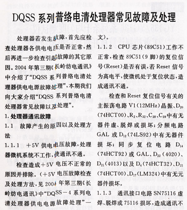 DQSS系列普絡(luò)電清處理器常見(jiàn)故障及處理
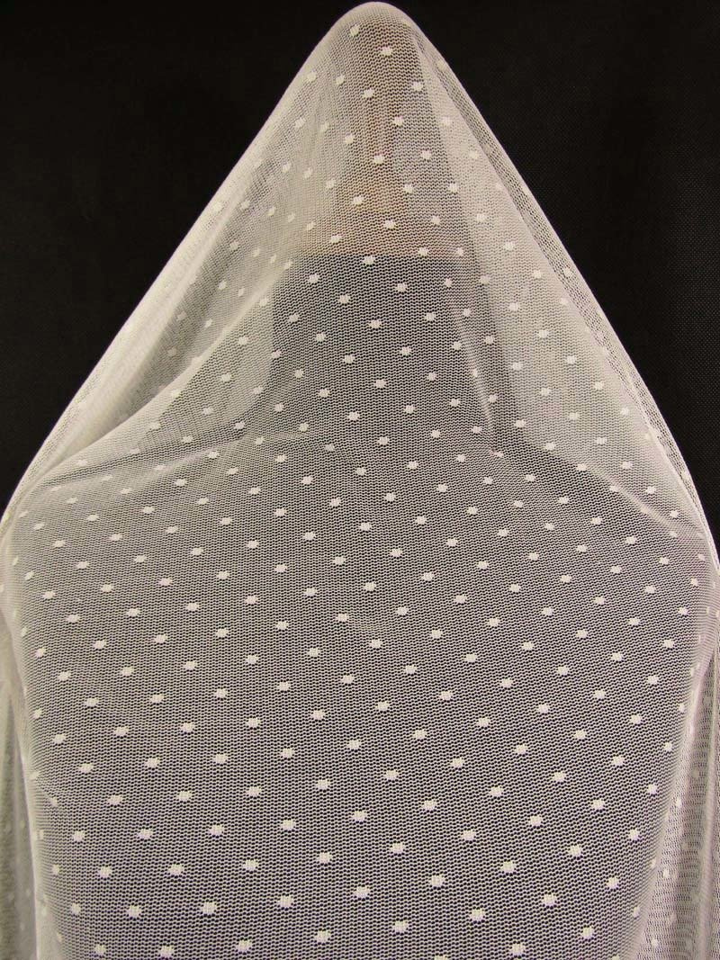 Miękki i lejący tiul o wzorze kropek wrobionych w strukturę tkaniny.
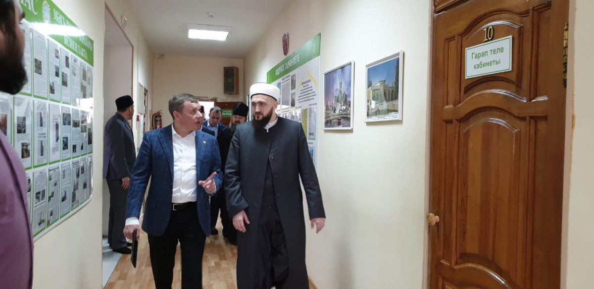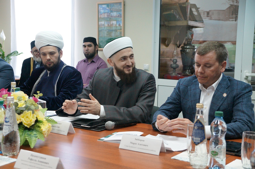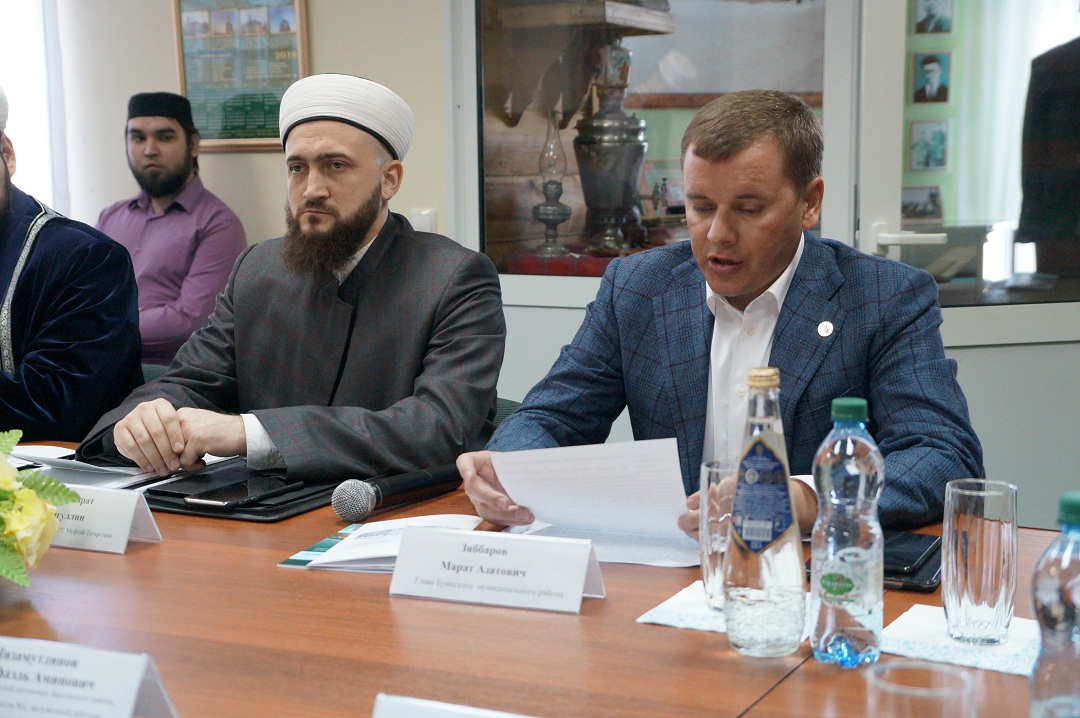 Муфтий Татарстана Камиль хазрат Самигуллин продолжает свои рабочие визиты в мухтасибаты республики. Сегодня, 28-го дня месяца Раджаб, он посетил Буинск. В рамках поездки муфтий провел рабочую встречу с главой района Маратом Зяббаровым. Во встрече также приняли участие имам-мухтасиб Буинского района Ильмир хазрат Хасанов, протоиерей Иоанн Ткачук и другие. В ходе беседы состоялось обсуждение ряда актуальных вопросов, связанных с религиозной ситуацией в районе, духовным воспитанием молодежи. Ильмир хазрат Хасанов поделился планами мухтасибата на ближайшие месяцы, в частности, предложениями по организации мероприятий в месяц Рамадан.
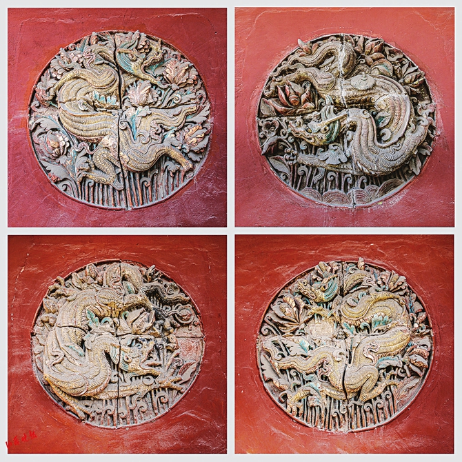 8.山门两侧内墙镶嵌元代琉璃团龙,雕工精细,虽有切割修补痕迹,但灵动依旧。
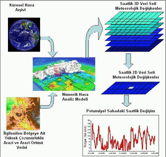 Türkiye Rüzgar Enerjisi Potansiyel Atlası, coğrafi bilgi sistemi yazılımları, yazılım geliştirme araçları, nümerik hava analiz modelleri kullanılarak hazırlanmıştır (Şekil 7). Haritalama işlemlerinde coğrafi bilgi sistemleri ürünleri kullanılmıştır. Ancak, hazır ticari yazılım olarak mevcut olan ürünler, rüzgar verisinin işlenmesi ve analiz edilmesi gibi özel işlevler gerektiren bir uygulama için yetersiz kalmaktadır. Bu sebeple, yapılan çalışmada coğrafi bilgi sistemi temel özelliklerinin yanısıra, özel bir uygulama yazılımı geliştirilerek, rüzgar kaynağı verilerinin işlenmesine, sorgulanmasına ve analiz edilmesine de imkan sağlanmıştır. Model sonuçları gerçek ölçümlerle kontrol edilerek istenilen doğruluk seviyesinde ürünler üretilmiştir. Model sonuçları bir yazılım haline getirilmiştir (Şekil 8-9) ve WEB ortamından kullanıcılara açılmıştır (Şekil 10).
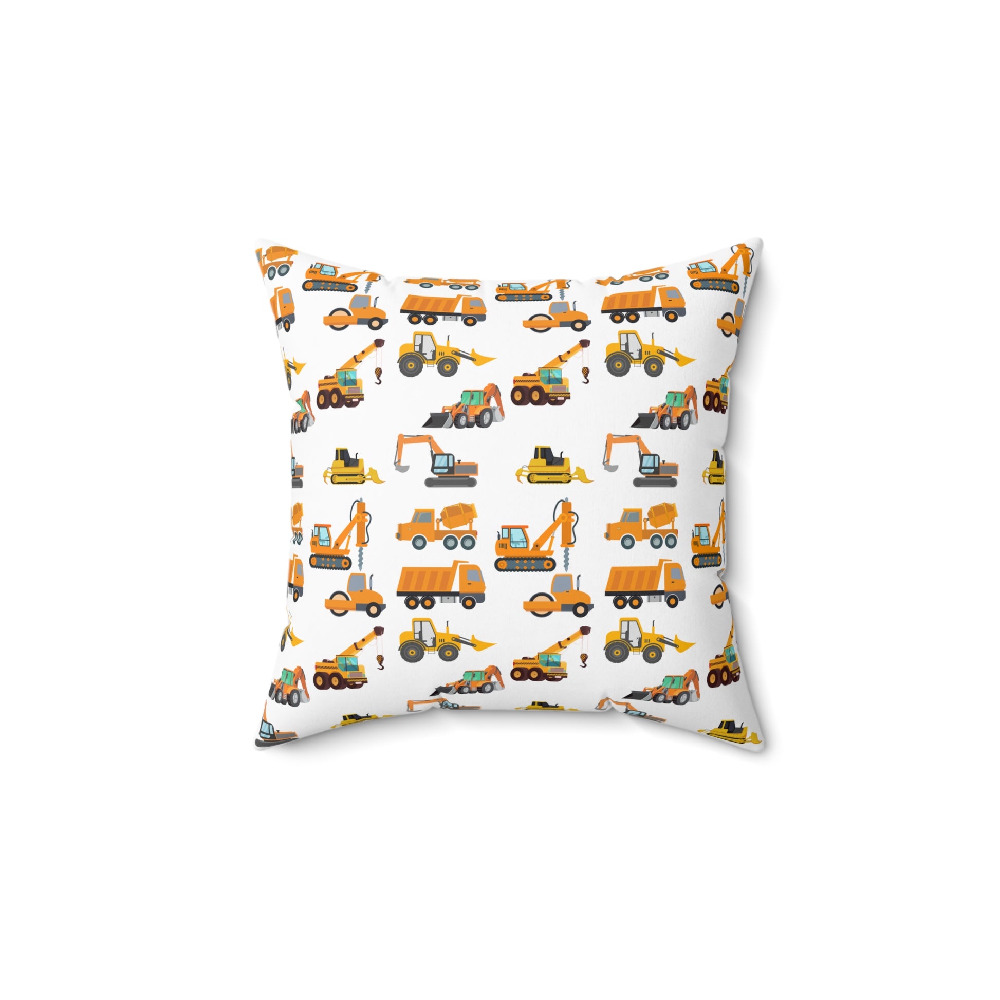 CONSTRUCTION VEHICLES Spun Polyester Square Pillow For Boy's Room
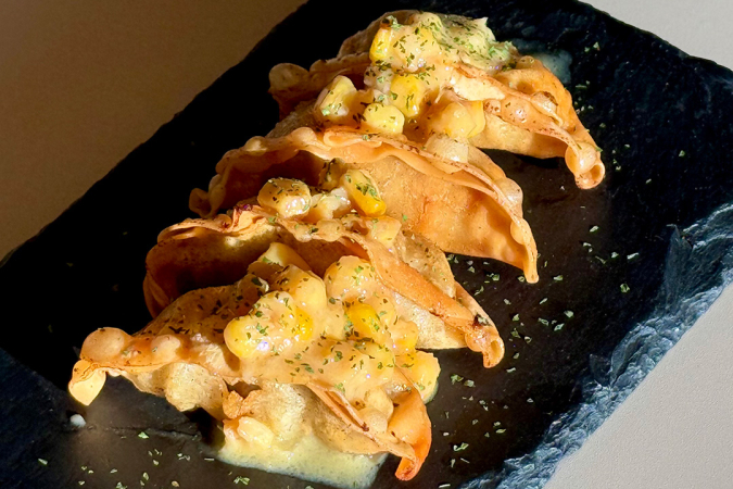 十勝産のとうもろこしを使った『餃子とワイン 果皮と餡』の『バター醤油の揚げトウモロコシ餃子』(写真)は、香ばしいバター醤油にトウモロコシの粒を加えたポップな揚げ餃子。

> **EXERCISE INSTRUCTIONS**
Reproduce the lines of the listing exactly, starting at the one that contains "Муфтий Татарстана Камиль" and continuing through the final line, but leave out the pictures.

> **EXPECTED ANSWER**
 Муфтий Татарстана Камиль хазрат Самигуллин продолжает свои рабочие визиты в мухтасибаты республики. Сегодня, 28-го дня месяца Раджаб, он посетил Буинск. В рамках поездки муфтий провел рабочую встречу с главой района Маратом Зяббаровым. Во встрече также приняли участие имам-мухтасиб Буинского района Ильмир хазрат Хасанов, протоиерей Иоанн Ткачук и другие. В ходе беседы состоялось обсуждение ряда актуальных вопросов, связанных с религиозной ситуацией в районе, духовным воспитанием молодежи. Ильмир хазрат Хасанов поделился планами мухтасибата на ближайшие месяцы, в частности, предложениями по организации мероприятий в месяц Рамадан.
 8.山门两侧内墙镶嵌元代琉璃团龙,雕工精细,虽有切割修补痕迹,但灵动依旧。
 Türkiye Rüzgar Enerjisi Potansiyel Atlası, coğrafi bilgi sistemi yazılımları, yazılım geliştirme araçları, nümerik hava analiz modelleri kullanılarak hazırlanmıştır (Şekil 7). Haritalama işlemlerinde coğrafi bilgi sistemleri ürünleri kullanılmıştır. Ancak, hazır ticari yazılım olarak mevcut olan ürünler, rüzgar verisinin işlenmesi ve analiz edilmesi gibi özel işlevler gerektiren bir uygulama için yetersiz kalmaktadır. Bu sebeple, yapılan çalışmada coğrafi bilgi sistemi temel özelliklerinin yanısıra, özel bir uygulama yazılımı geliştirilerek, rüzgar kaynağı verilerinin işlenmesine, sorgulanmasına ve analiz edilmesine de imkan sağlanmıştır. Model sonuçları gerçek ölçümlerle kontrol edilerek istenilen doğruluk seviyesinde ürünler üretilmiştir. Model sonuçları bir yazılım haline getirilmiştir (Şekil 8-9) ve WEB ortamından kullanıcılara açılmıştır (Şekil 10).
 CONSTRUCTION VEHICLES Spun Polyester Square Pillow For Boy's Room
 十勝産のとうもろこしを使った『餃子とワイン 果皮と餡』の『バター醤油の揚げトウモロコシ餃子』(写真)は、香ばしいバター醤油にトウモロコシの粒を加えたポップな揚げ餃子。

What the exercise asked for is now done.